[Work required]
Retype, exactly as they stand, the lines from the start of the data to the line that contains "Tato branka na", both ends included. Leave the pictures out.

[Dataset section]
++++++++
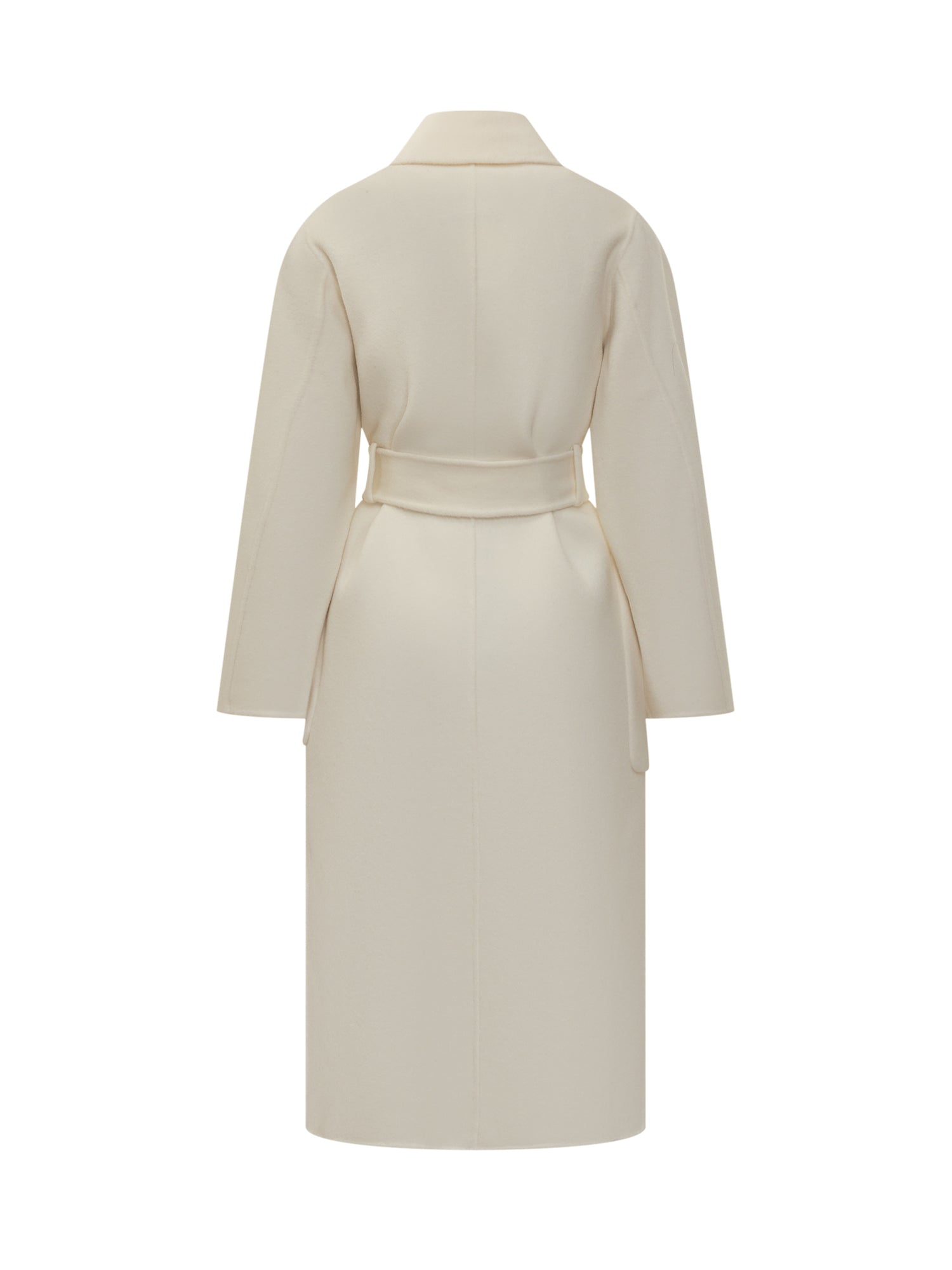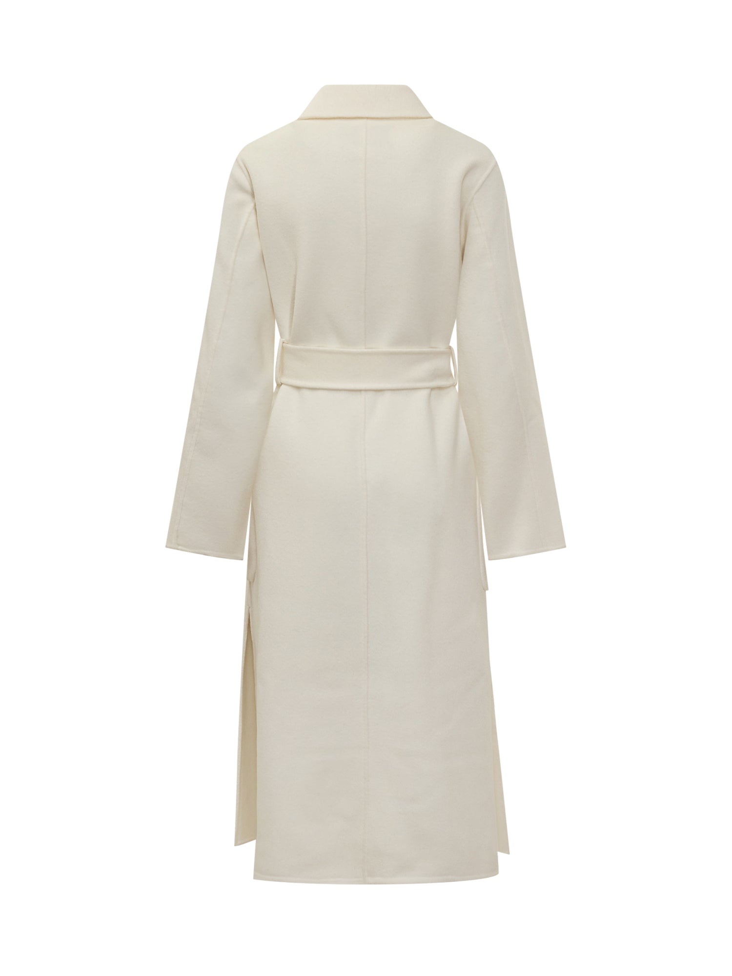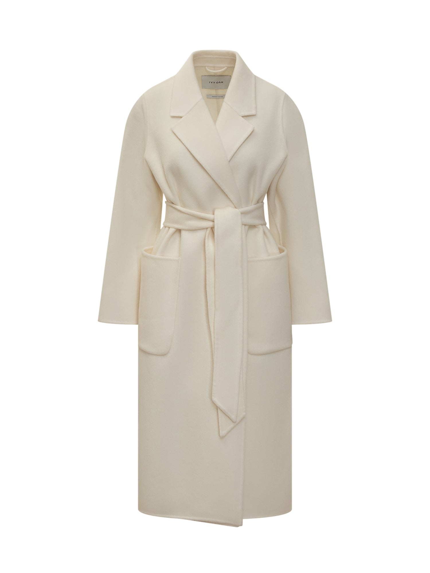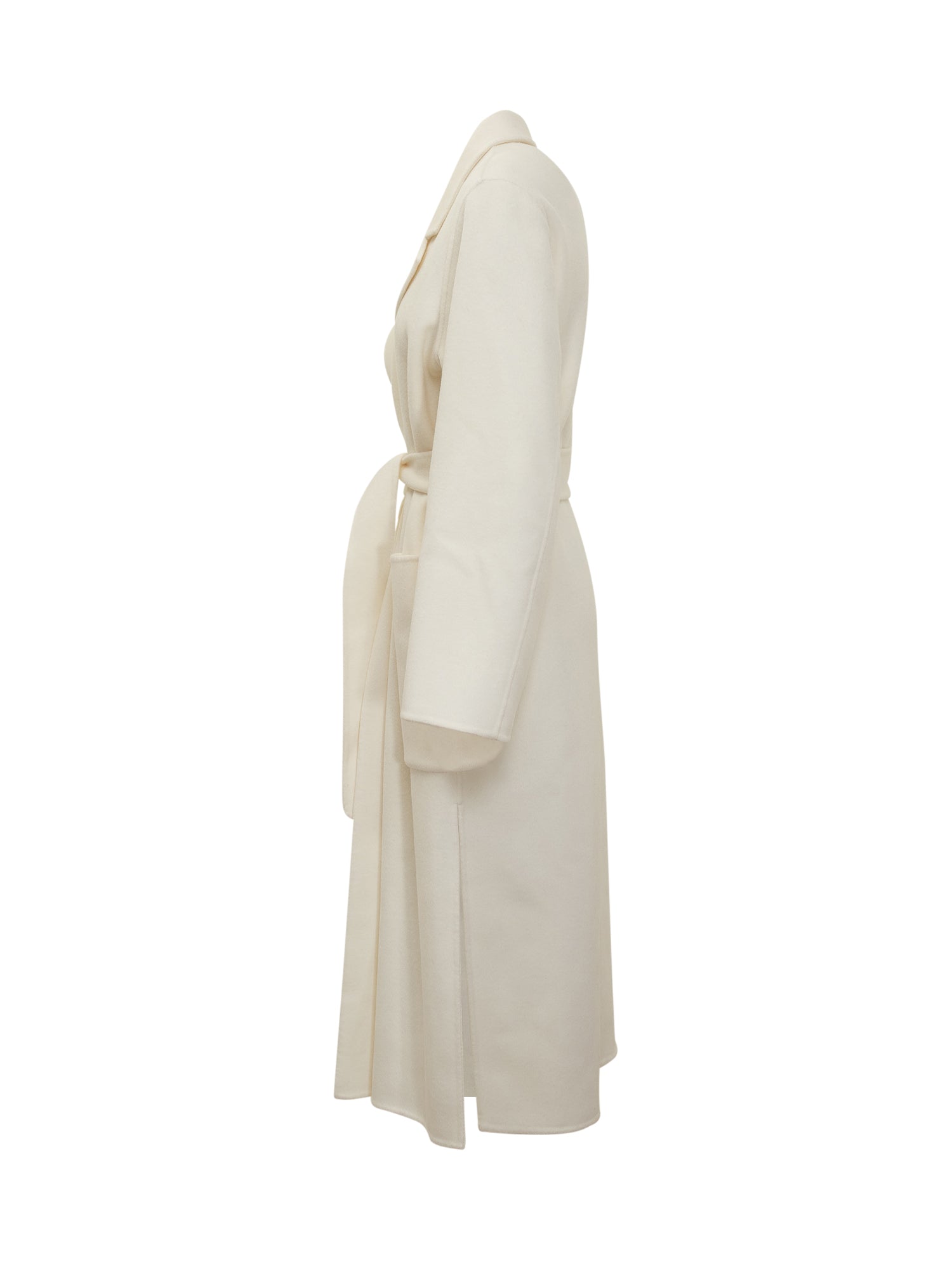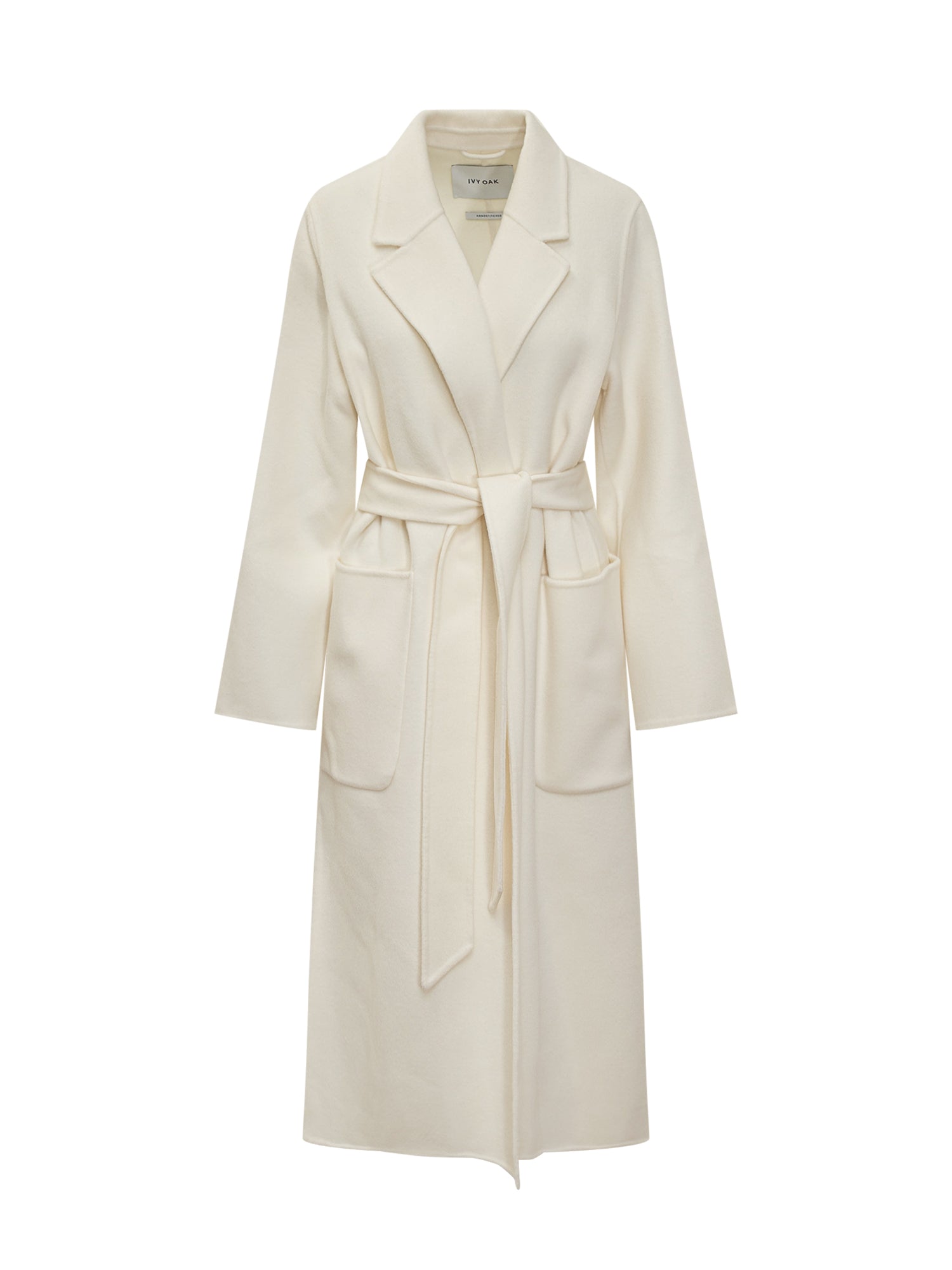 Cappotto Ivy Oak bianco con cintura in vita e ampi revers. Realizzato in tessuto caldo e raffinato, dona eleganza e versatilità.
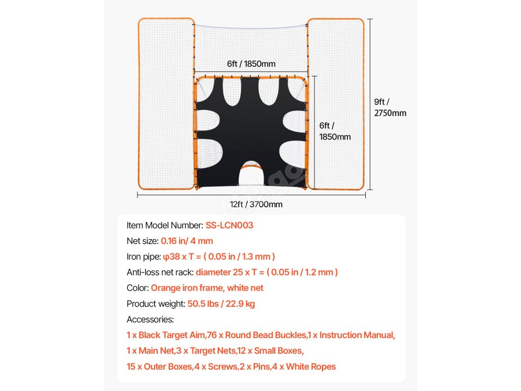 Tato branka na lakros na dvorku obsahuje síť, zábranu a terč. S celkovými rozměry 12 × 9 stop splňuje všechny tréninkové potřeby. Hodí se také k jinému vybavení nebo sportovištím stejného standardu, což zajišťuje kompatibilitu a zvyšuje její všestrannost a zaměnitelnost.
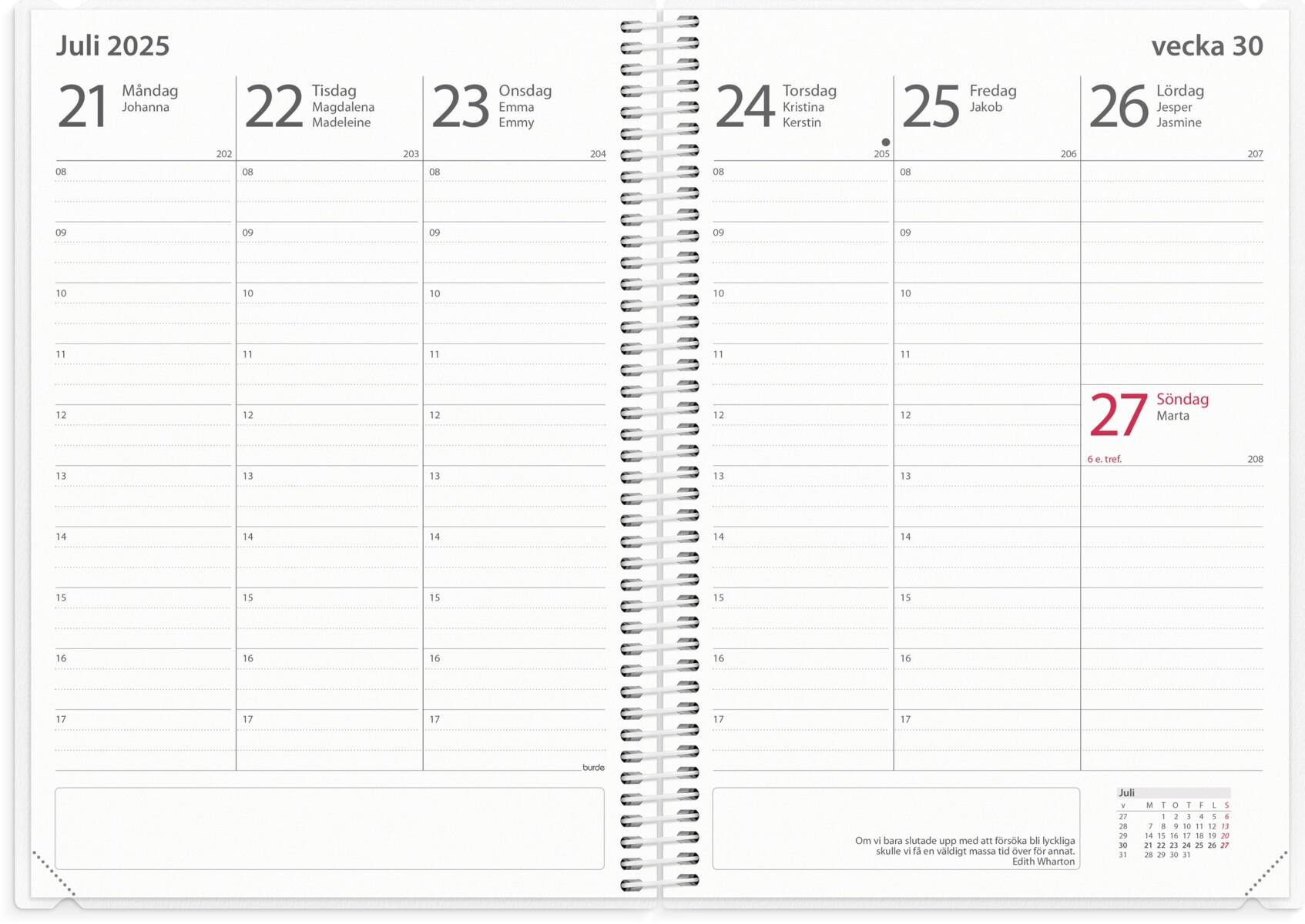 Kalender med omslag i återvunnen PP-plast, gummiband. Utbytbart motiv i plastficka. Veckouppdatering med timindelning 8-17. Årsplaner, barnförteckning, veckoschema, telefonregister, frånvaro och kartor. Flyttbara flikar. Mått: 16x21,5 cm. Spiralbunden. FSC.
++++++++
[Exercise answer]
 Cappotto Ivy Oak bianco con cintura in vita e ampi revers. Realizzato in tessuto caldo e raffinato, dona eleganza e versatilità.
 Tato branka na lakros na dvorku obsahuje síť, zábranu a terč. S celkovými rozměry 12 × 9 stop splňuje všechny tréninkové potřeby. Hodí se také k jinému vybavení nebo sportovištím stejného standardu, což zajišťuje kompatibilitu a zvyšuje její všestrannost a zaměnitelnost.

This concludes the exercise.